IEEE Digital Privacy Podcast: Episode 12

 

Matt SilveiraJohn WunderlichA Conversation with Matt Silveira, Privacy Practice Consultant, and John Wunderlich, Chief Privacy Officer, JLINC Labs

Listen to Episode 12 (MP3, 41 MB)

 

Part of the IEEE Digital Privacy Podcast Series

 

Episode Transcript:

Brian Walker: Welcome to the IEEE Digital Privacy Podcast Series, an IEEE Digital Studio production. This podcast series features conversations with industry and academic leaders, as well as key stakeholders of digital privacy, in order to help advance solutions that support the privacy needs of individuals. In this episode, we speak with digital privacy experts Matt Silveira and John Wunderlich. The two discuss current standards and initiatives in the digital privacy space and provide their insights on the evolution of implementing real-world solutions to digital privacy. Matt and John, thank you for taking time to contribute to the IEEE Digital Privacy Podcast Series. To get started, can you share a little information on your backgrounds?
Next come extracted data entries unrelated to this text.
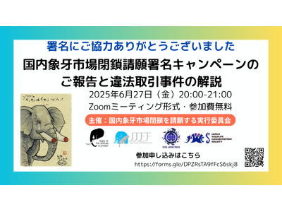 今回の署名キャンペーンに関する詳細報告と、請願内容の重要性を改めて知らしめることになった象牙違法取引事件の解説、および今後の活動について共有するオンライン報告会を開催いたします。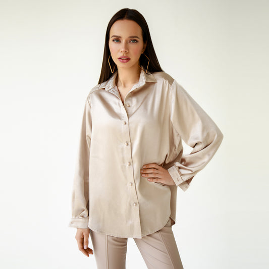 Camisa oversize sedosa de color beige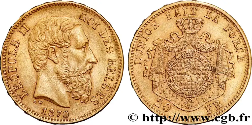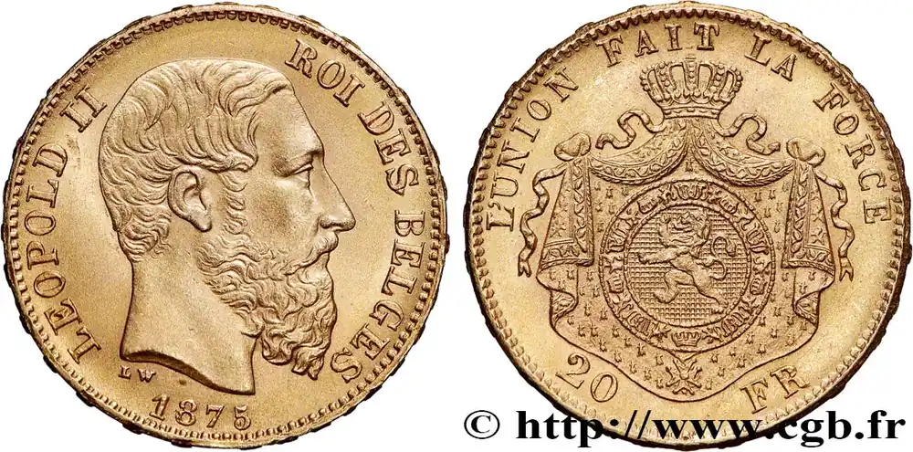 Type : 20 Francs Léopold IIDate : 1874Nom de l’atelier/ville : BruxellesQuantité frappée : 3046000Métal : orTitre en millième : 900 ‰Diamètre : 21 mmAxe des coins : 6 h.Poids : 6,46 g.Tranche : inscrite en reliefRéférence ouvrage :KM.19/37 AversTitulature avers : LEOPOLD II – ROI DES BELGES/ 1874.Description avers : Tête nue de Léopold II à droite ; dessous L W.ReversTitulature revers : L’UNION FAIT LA FORCE.Description revers : Écu entouré du collier de l’Ordre de Léopold posé sur un manteau couronné ; 20 – FR.CommentaireCe type est fabriqué suite à l’arrêté royal du 15 mars 1867. 28.641.770 pièces furent frappées entre 1866 (sic !) et 1882 et démonétisées en 1928. Il existe quatre types différents pour les pièces de 20 francs or. En 1870, le premier, le troisième et quatrième type ont été utilisés.HistoriqueOR, PALLADIUM ET PLATINE INVESTISSEMENTSécurisez et diversifiez votre épargne avec les métaux précieux :Dans un contexte d’instabilité politique et économique croissante, diversifier son épargne peut être une démarche judicieuse. Les métaux précieux comme l’or, le palladium et le platine constituent des actifs tangibles souvent prisés en raison de leur caractère intemporel et de leur résilience face aux fluctuations des marchés.Pour répondre à des besoins variés, l’achat de pièces officielles en or, palladium ou platine est une option flexible et adaptée. Ces pièces, disponibles à l’unité ou en lot, permettent à chacun d’ajuster ses choix selon ses objectifs et son budget, sans engagement à long terme.Un processus simple et sécurisé :Nous proposons une livraison sécurisée et garantie. Les paiements peuvent être effectués par carte bancaire ou par virement, bien que certaines transactions puissent nécessiter un règlement exclusivement par virement bancaire. Une pièce d’identité valide (carte nationale d’identité ou passeport) sera demandée pour finaliser votre achat.Stockage en toute sécurité et confidentialité :Le département Investissement de CGB Numismatique Paris met à votre disposition des solutions de stockage offrant une sécurité renforcée et une confidentialité optimale pour vos achats en or, palladium et platine.Contactez-nous pour plus d’informations :Pour toute question ou pour passer commande, prenez contact avec notre responsable des achats/ventes de métaux précieux : par email à [email protected] ou par téléphone. Nous mettons à votre disposition des informations générales et des services pour vous accompagner dans vos projets d’investissement.CGB Numismatique Paris agit en tant que fournisseur de métaux précieux et ne fournit aucun conseil en investissement. La valeur des métaux précieux peut fluctuer, et les performances passées ne garantissent pas les résultats futurs. L’achat de métaux précieux doit être considéré comme une stratégie de préservation de valeur plutôt qu’un investissement spéculatif. Conformément à l’article L.221-28 du Code de la consommation, le droit de rétractation ne s’applique pas aux achats d’or d’investissement, dont le prix dépend des fluctuations des marchés financiers.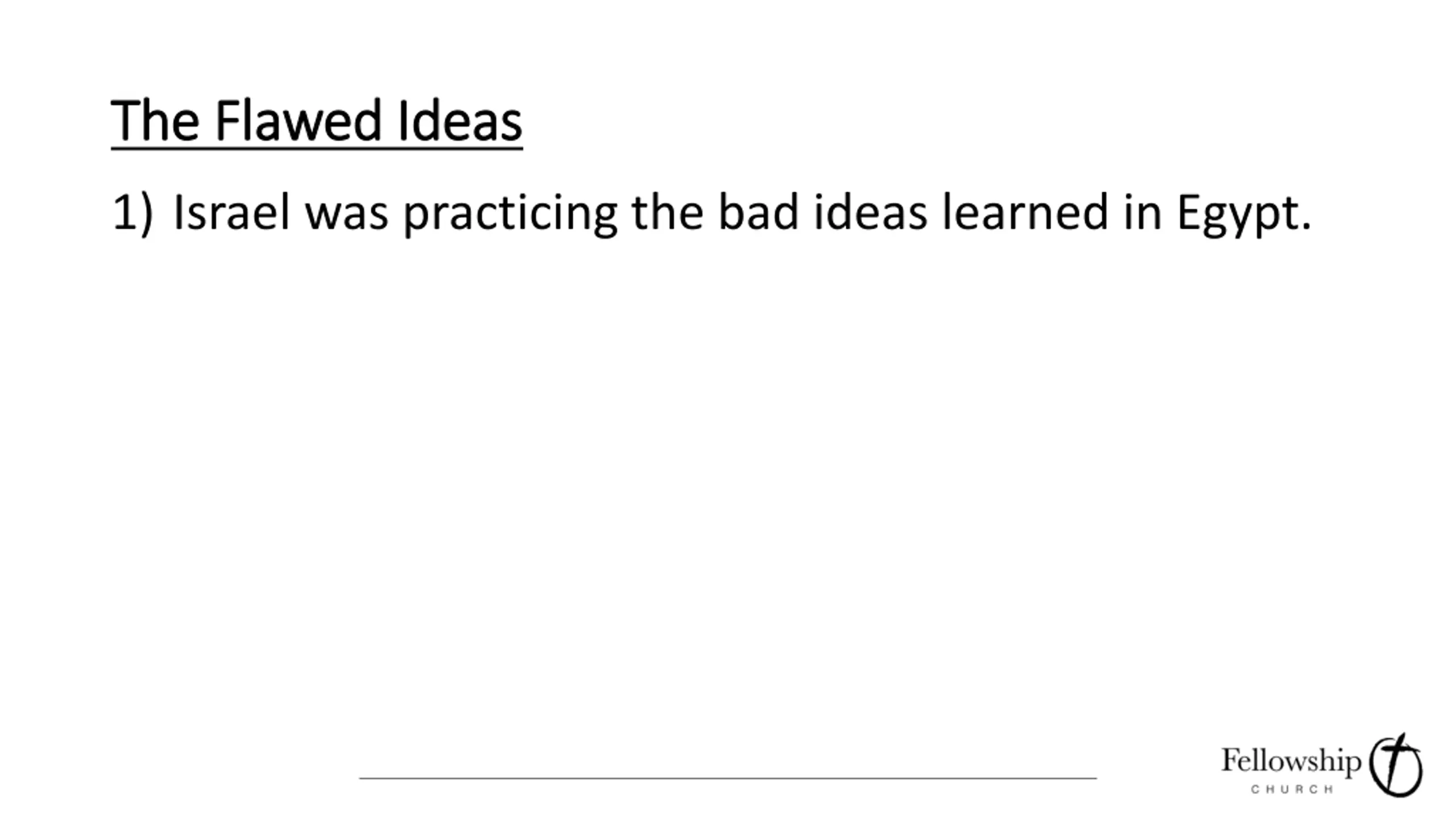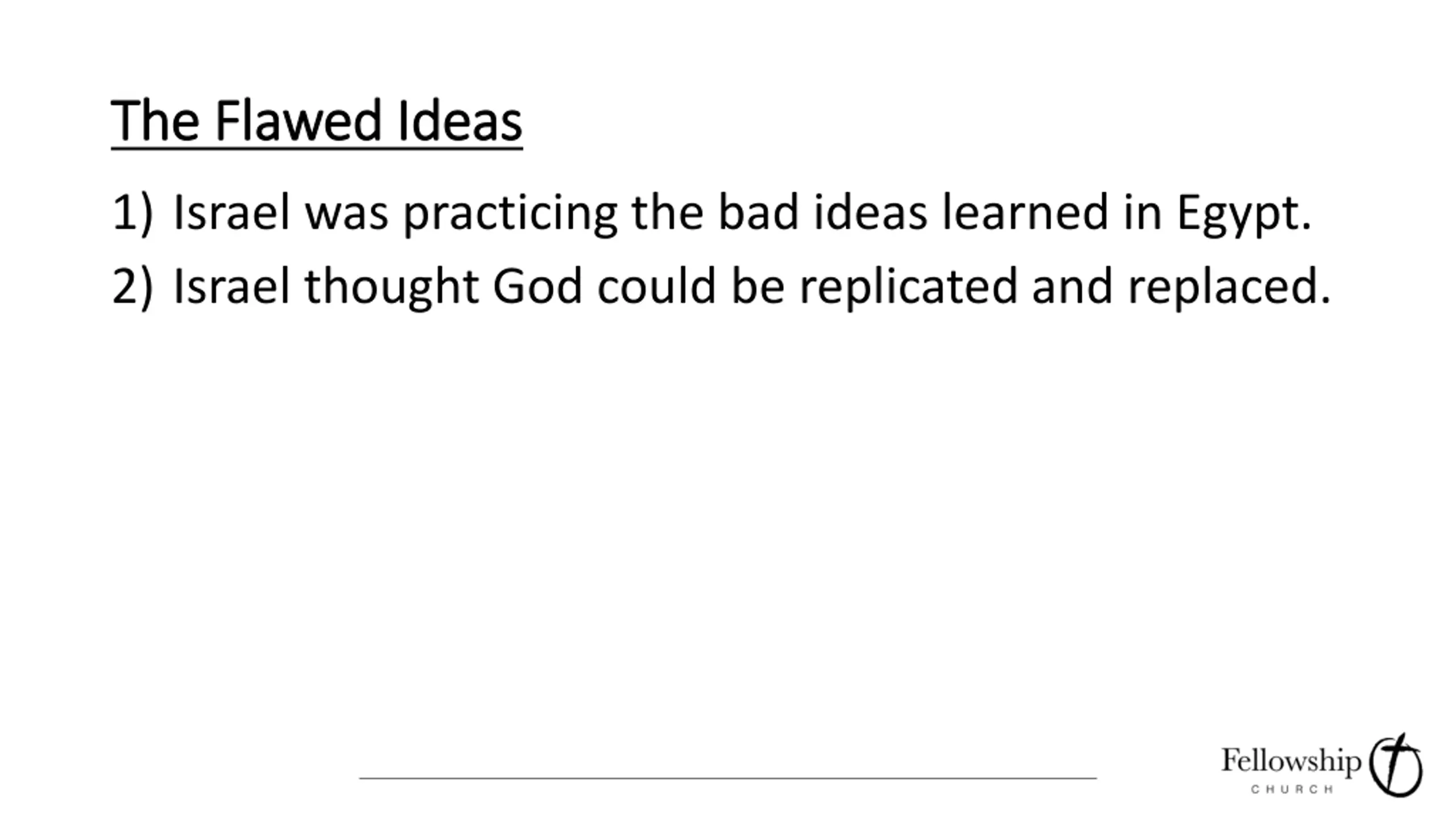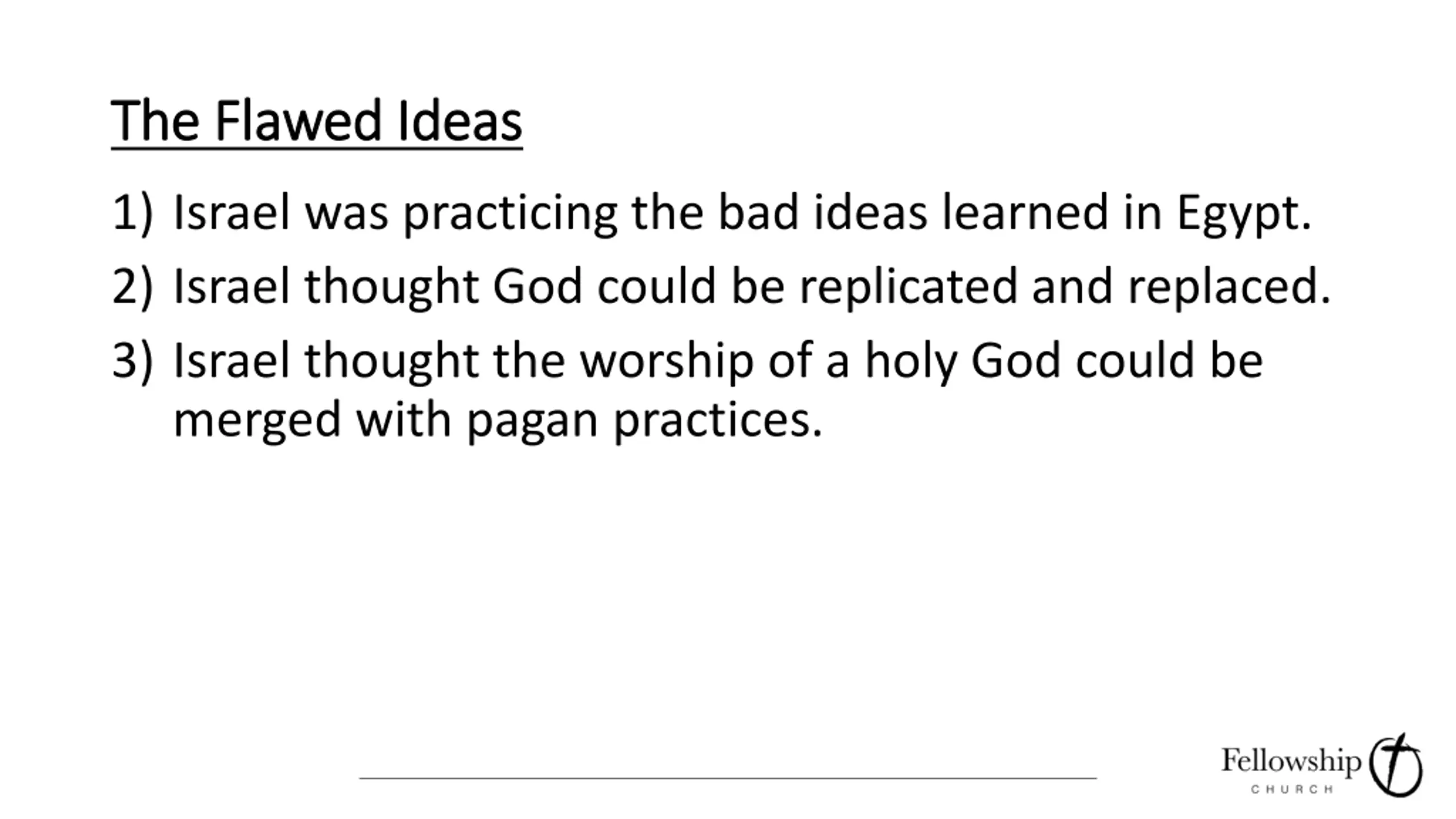 The Flawed Ideas The Flawed Ideas 1) Israel was practicing the bad ideas learned in Egypt. 2) Israel thought God could be replicated and replaced. 3) Israel thought the worship of a holy God could be merged with pagan practices.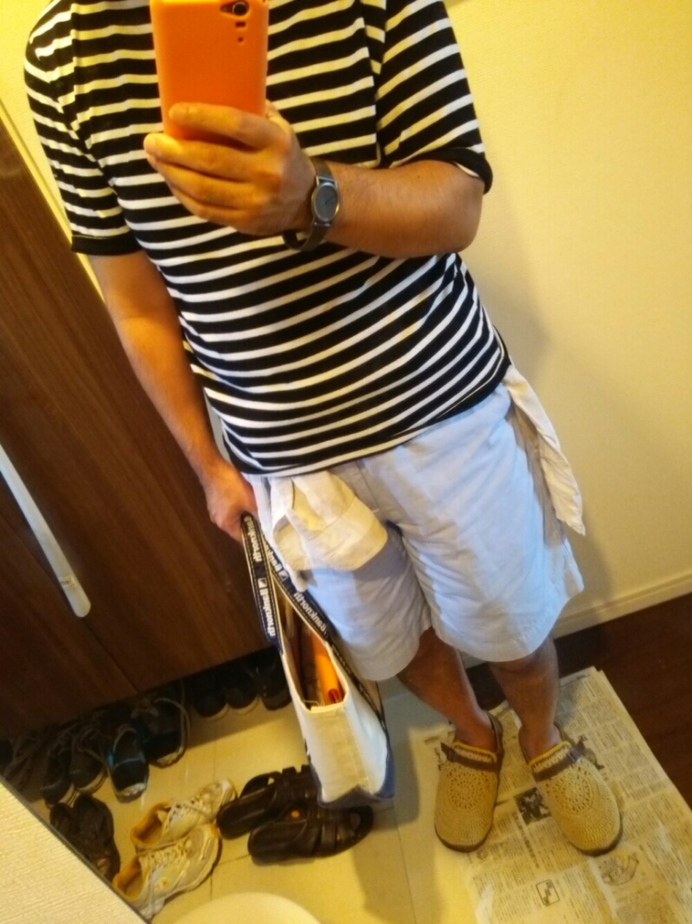 おはようございます。 シャツの腰巻きに挑戦しました。最近結構いますよね。 トップスはセントジェームス。ボトムスはラルフで、足元はサボです。 それでは、良い一日を♪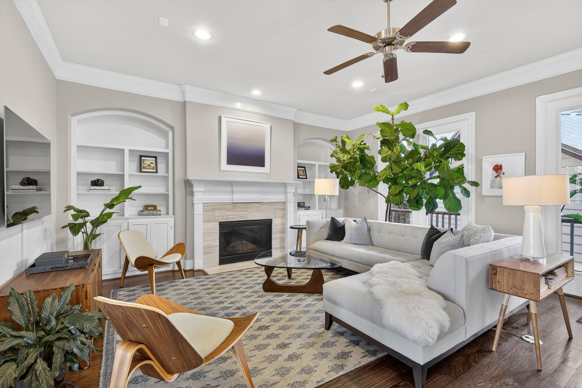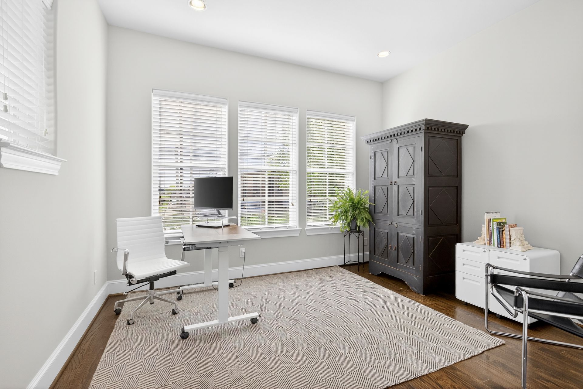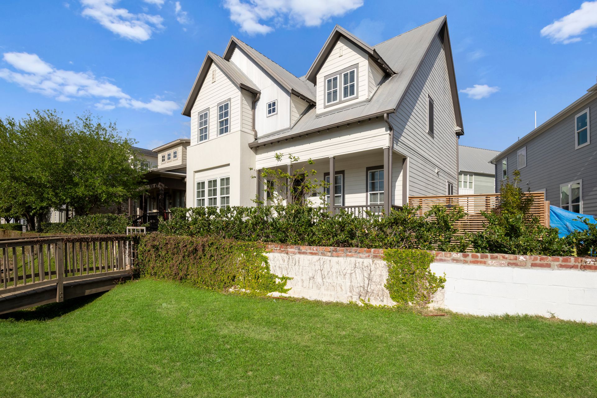 This home offers approximately 2,645 square feet of living space with three bedrooms, two and a half bathrooms, and a downstairs study. The charming exterior features lush landscaping, a front porch, and an inviting entryway that leads into the spacious, light-filled interior.

Matt Silveira: I’m Matt Silveira. I’ve been working in the privacy space for the last 10 years, and prior to that I’ve been focused on cybersecurity. I work as an adjunct instructor for local community colleges here, such as Los Rios, and also University of California, Davis, in the past, and I was the chair of the P7002 standard that was passed a couple of years ago with IEEE, and I’m now a member of the IEEE Privacy Initiative.

Brian Walker: And John, what about yourself?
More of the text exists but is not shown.